Please reproduce the entries exactly as they appear below, but not the pictures.

*** Block opens ***

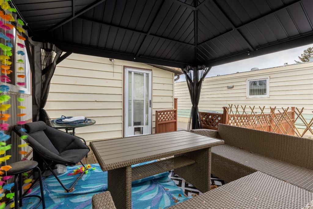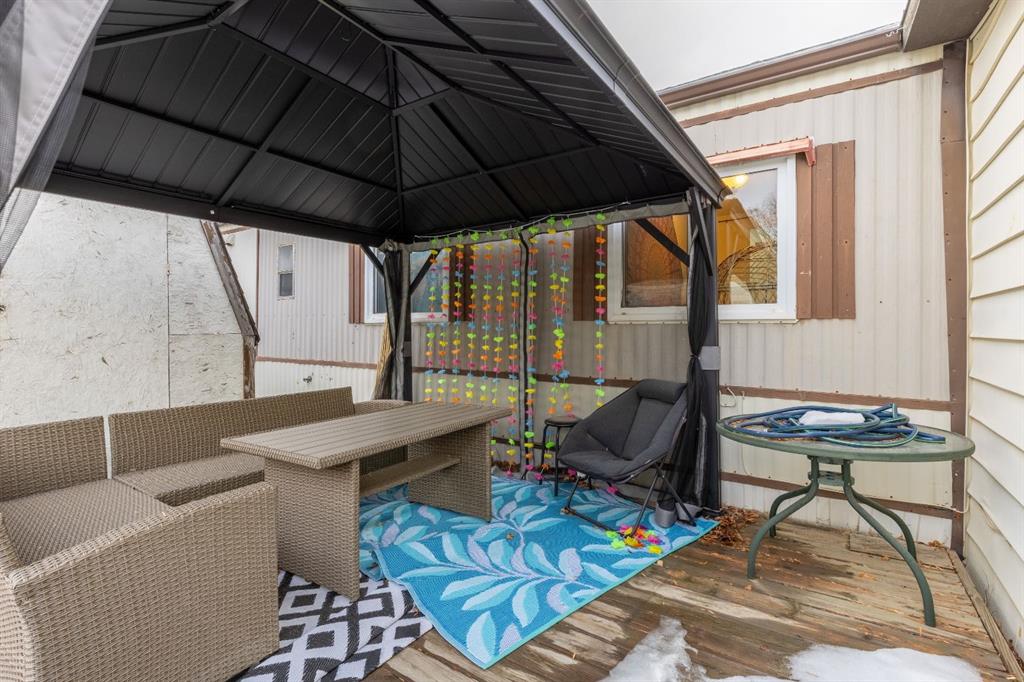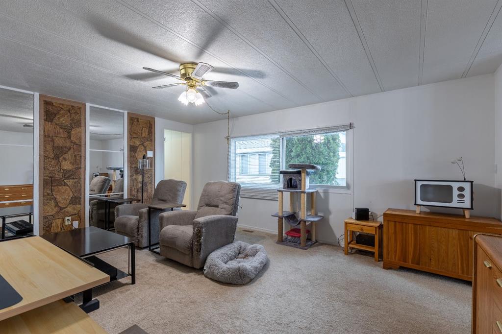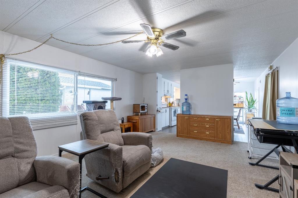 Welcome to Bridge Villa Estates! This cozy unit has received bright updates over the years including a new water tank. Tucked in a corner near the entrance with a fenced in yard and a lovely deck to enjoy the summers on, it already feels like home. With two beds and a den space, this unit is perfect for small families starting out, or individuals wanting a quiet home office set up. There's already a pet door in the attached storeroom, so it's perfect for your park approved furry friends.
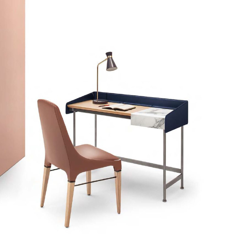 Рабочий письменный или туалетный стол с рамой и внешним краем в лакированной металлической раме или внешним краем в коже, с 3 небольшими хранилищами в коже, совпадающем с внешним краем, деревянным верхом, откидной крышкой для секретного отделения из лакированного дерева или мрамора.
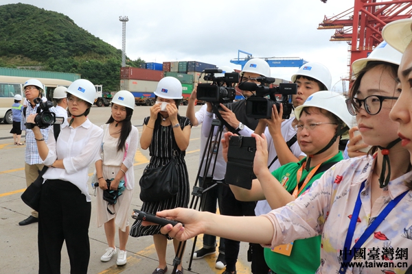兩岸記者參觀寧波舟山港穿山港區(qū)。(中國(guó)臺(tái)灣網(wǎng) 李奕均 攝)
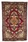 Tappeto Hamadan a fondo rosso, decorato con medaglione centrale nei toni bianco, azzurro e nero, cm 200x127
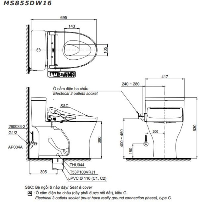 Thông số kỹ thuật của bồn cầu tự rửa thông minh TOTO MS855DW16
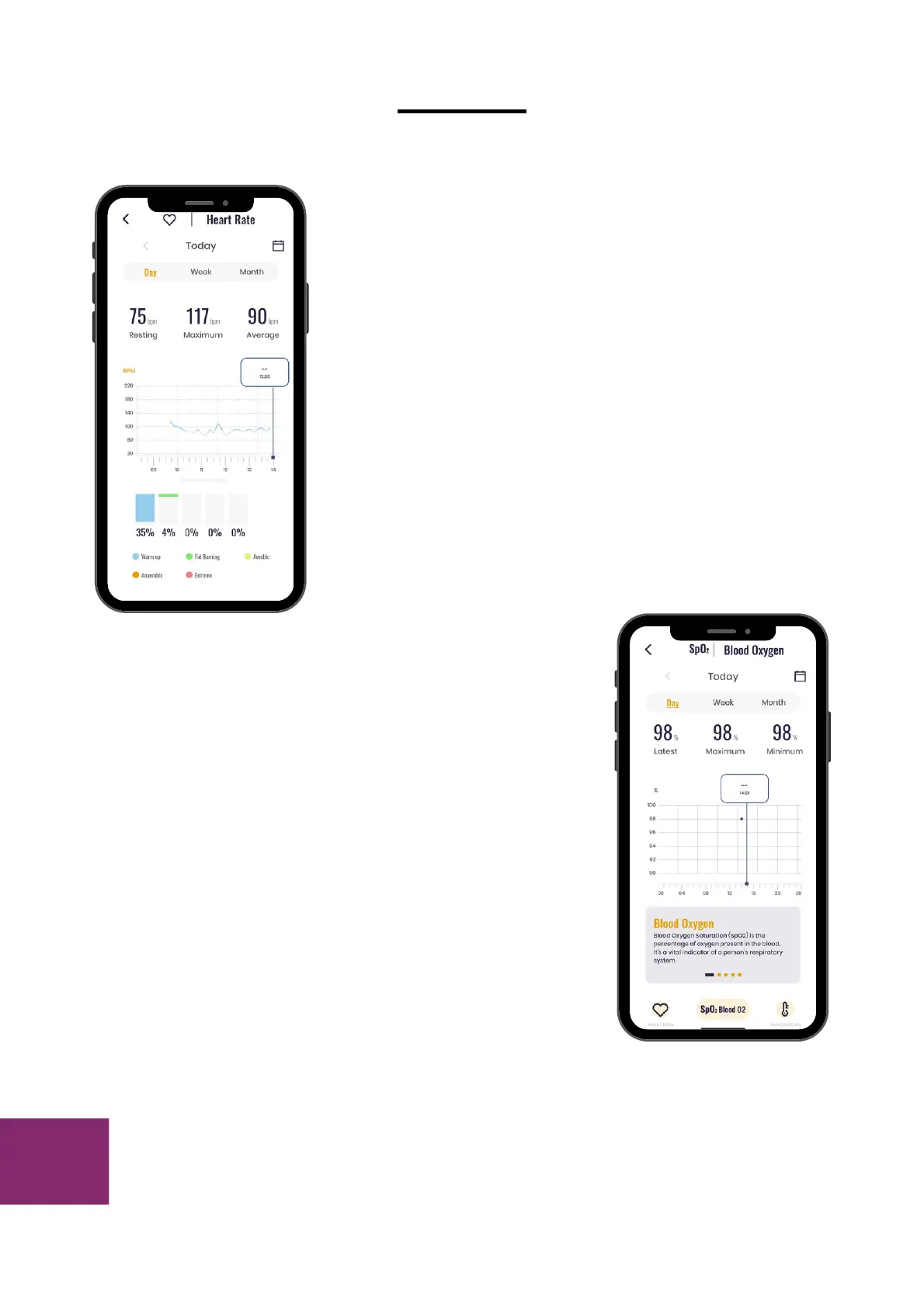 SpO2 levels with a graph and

*** Block closes ***

- [TASK RESULT]:
 Welcome to Bridge Villa Estates! This cozy unit has received bright updates over the years including a new water tank. Tucked in a corner near the entrance with a fenced in yard and a lovely deck to enjoy the summers on, it already feels like home. With two beds and a den space, this unit is perfect for small families starting out, or individuals wanting a quiet home office set up. There's already a pet door in the attached storeroom, so it's perfect for your park approved furry friends.
 Рабочий письменный или туалетный стол с рамой и внешним краем в лакированной металлической раме или внешним краем в коже, с 3 небольшими хранилищами в коже, совпадающем с внешним краем, деревянным верхом, откидной крышкой для секретного отделения из лакированного дерева или мрамора.
兩岸記者參觀寧波舟山港穿山港區(qū)。(中國(guó)臺(tái)灣網(wǎng) 李奕均 攝)
 Tappeto Hamadan a fondo rosso, decorato con medaglione centrale nei toni bianco, azzurro e nero, cm 200x127
 Thông số kỹ thuật của bồn cầu tự rửa thông minh TOTO MS855DW16
 SpO2 levels with a graph and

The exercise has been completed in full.